▶ _Your instructions_
Starting at the top of the entries below, write out each line up to and including the one containing "Chào cả nhà". Leave the pictures out.

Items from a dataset
==================================================

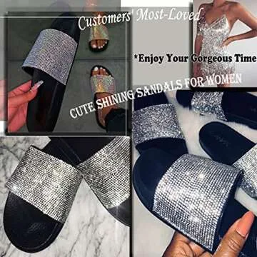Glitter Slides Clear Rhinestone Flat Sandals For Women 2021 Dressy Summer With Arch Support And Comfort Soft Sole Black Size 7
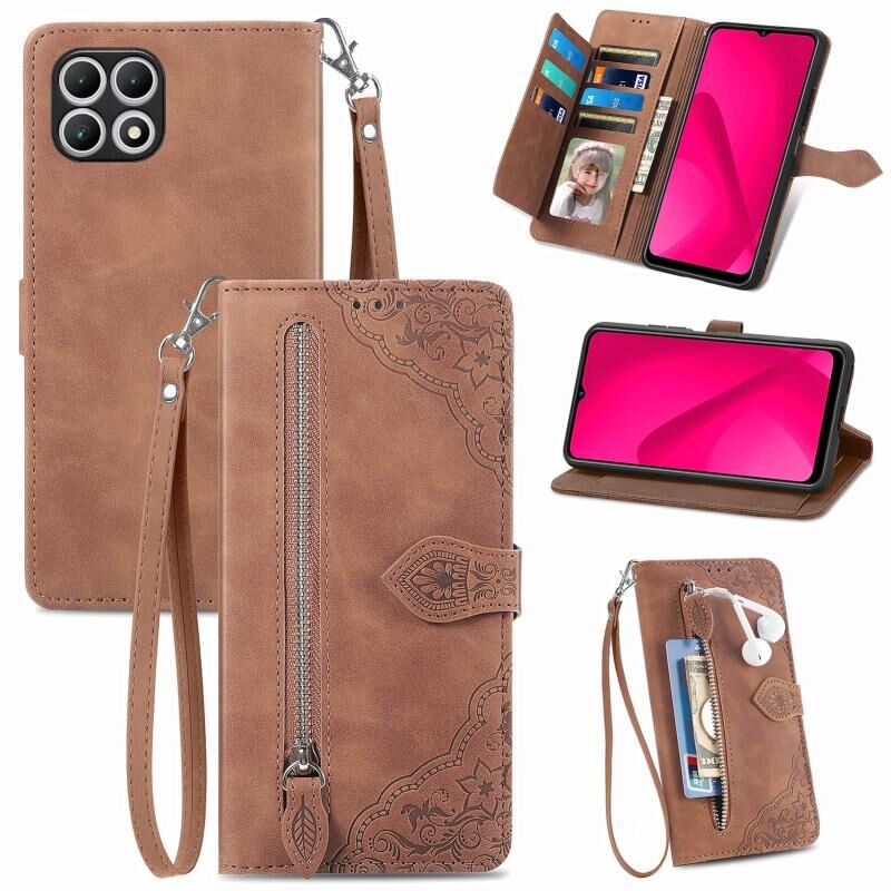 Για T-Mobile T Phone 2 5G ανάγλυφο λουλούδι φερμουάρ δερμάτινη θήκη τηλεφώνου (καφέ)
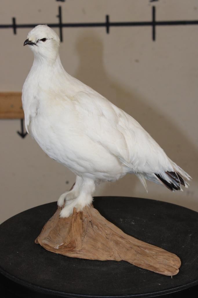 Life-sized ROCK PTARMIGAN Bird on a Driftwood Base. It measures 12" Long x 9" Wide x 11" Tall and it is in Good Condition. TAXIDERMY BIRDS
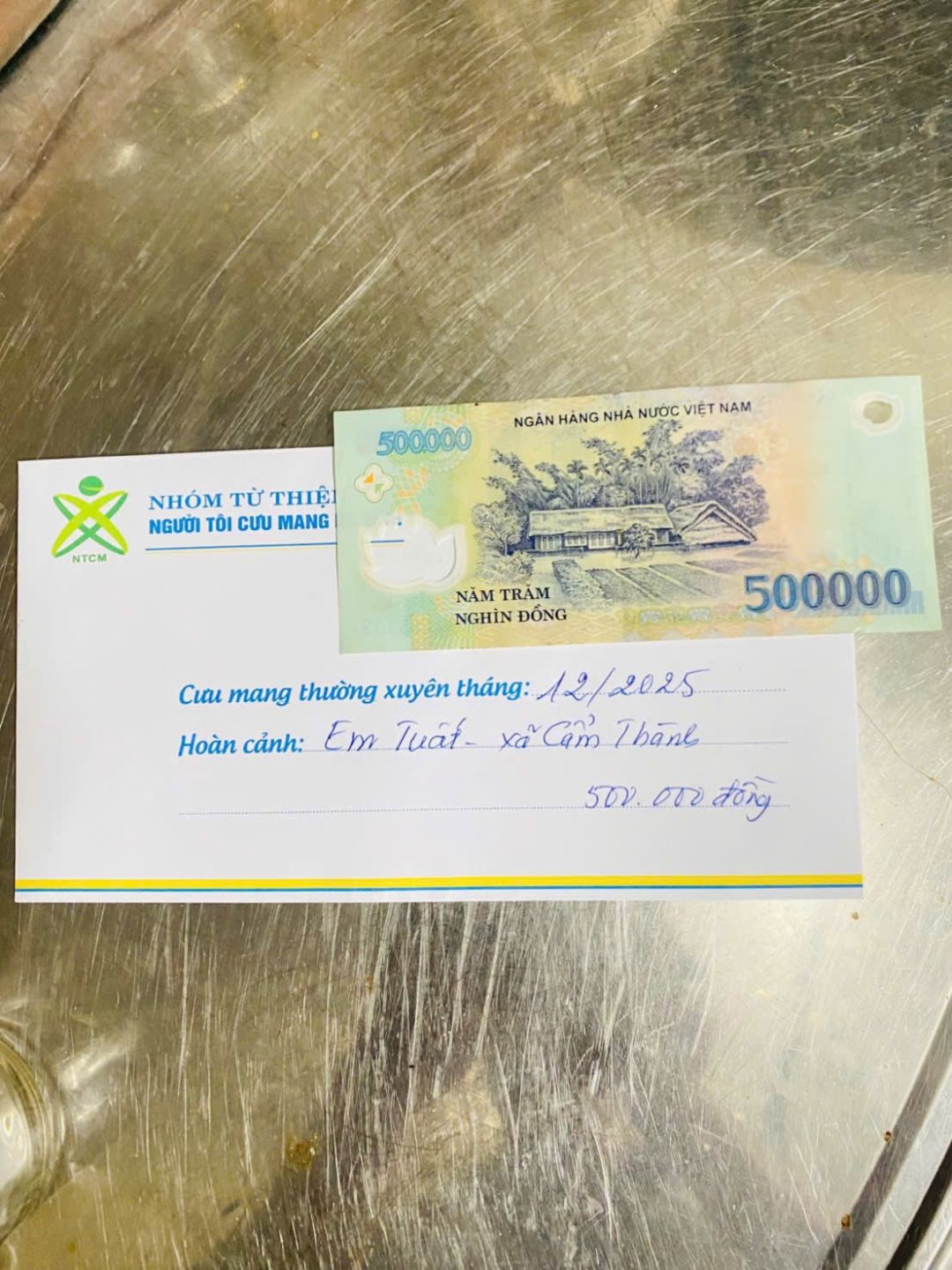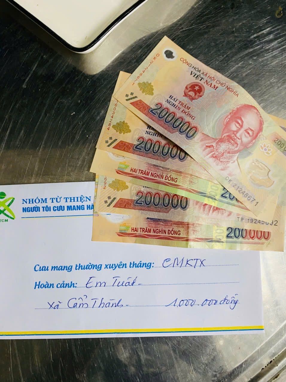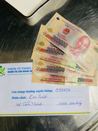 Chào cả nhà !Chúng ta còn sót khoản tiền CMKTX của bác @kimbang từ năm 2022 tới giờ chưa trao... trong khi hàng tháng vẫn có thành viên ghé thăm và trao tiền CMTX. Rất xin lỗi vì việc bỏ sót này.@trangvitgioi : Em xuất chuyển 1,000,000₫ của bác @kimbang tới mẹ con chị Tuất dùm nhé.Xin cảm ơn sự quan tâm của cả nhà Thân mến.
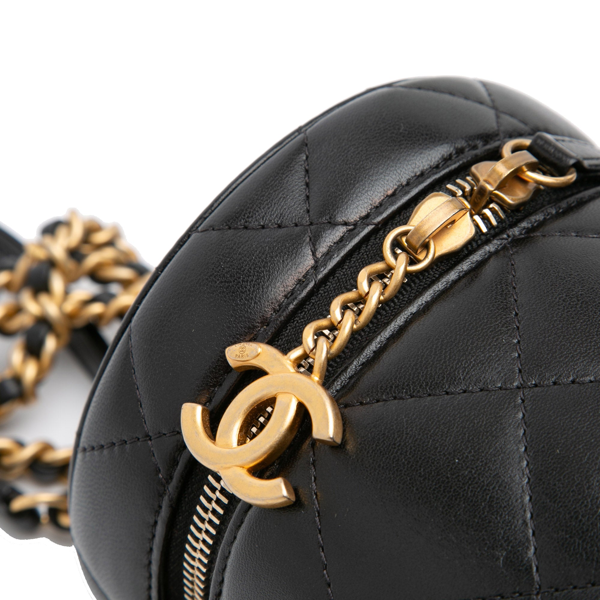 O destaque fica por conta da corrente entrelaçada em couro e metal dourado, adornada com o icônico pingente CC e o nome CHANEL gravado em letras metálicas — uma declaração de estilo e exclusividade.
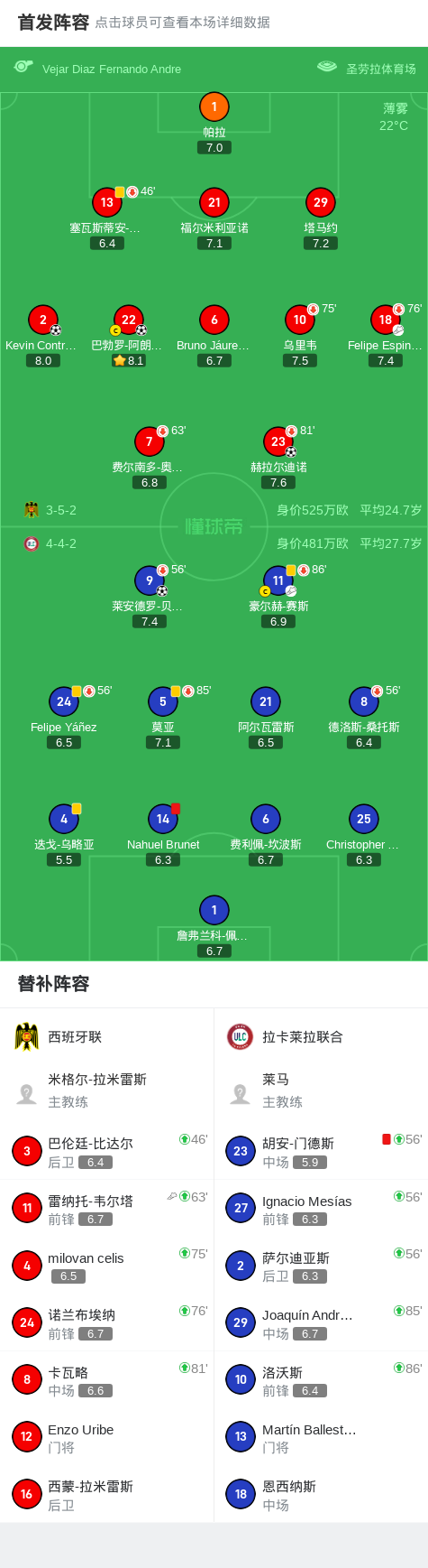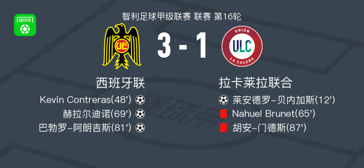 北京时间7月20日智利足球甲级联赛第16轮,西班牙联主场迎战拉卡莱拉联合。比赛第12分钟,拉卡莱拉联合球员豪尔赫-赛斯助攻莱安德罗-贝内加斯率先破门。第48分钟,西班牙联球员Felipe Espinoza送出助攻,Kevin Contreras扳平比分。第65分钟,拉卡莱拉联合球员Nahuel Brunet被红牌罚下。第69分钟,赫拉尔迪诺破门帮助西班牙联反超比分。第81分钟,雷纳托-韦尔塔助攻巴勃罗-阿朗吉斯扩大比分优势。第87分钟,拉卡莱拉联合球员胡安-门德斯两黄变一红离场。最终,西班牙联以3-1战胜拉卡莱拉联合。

==================================================

▶ _Answer section_
Glitter Slides Clear Rhinestone Flat Sandals For Women 2021 Dressy Summer With Arch Support And Comfort Soft Sole Black Size 7
 Για T-Mobile T Phone 2 5G ανάγλυφο λουλούδι φερμουάρ δερμάτινη θήκη τηλεφώνου (καφέ)
 Life-sized ROCK PTARMIGAN Bird on a Driftwood Base. It measures 12" Long x 9" Wide x 11" Tall and it is in Good Condition. TAXIDERMY BIRDS
 Chào cả nhà !Chúng ta còn sót khoản tiền CMKTX của bác @kimbang từ năm 2022 tới giờ chưa trao... trong khi hàng tháng vẫn có thành viên ghé thăm và trao tiền CMTX. Rất xin lỗi vì việc bỏ sót này.@trangvitgioi : Em xuất chuyển 1,000,000₫ của bác @kimbang tới mẹ con chị Tuất dùm nhé.Xin cảm ơn sự quan tâm của cả nhà Thân mến.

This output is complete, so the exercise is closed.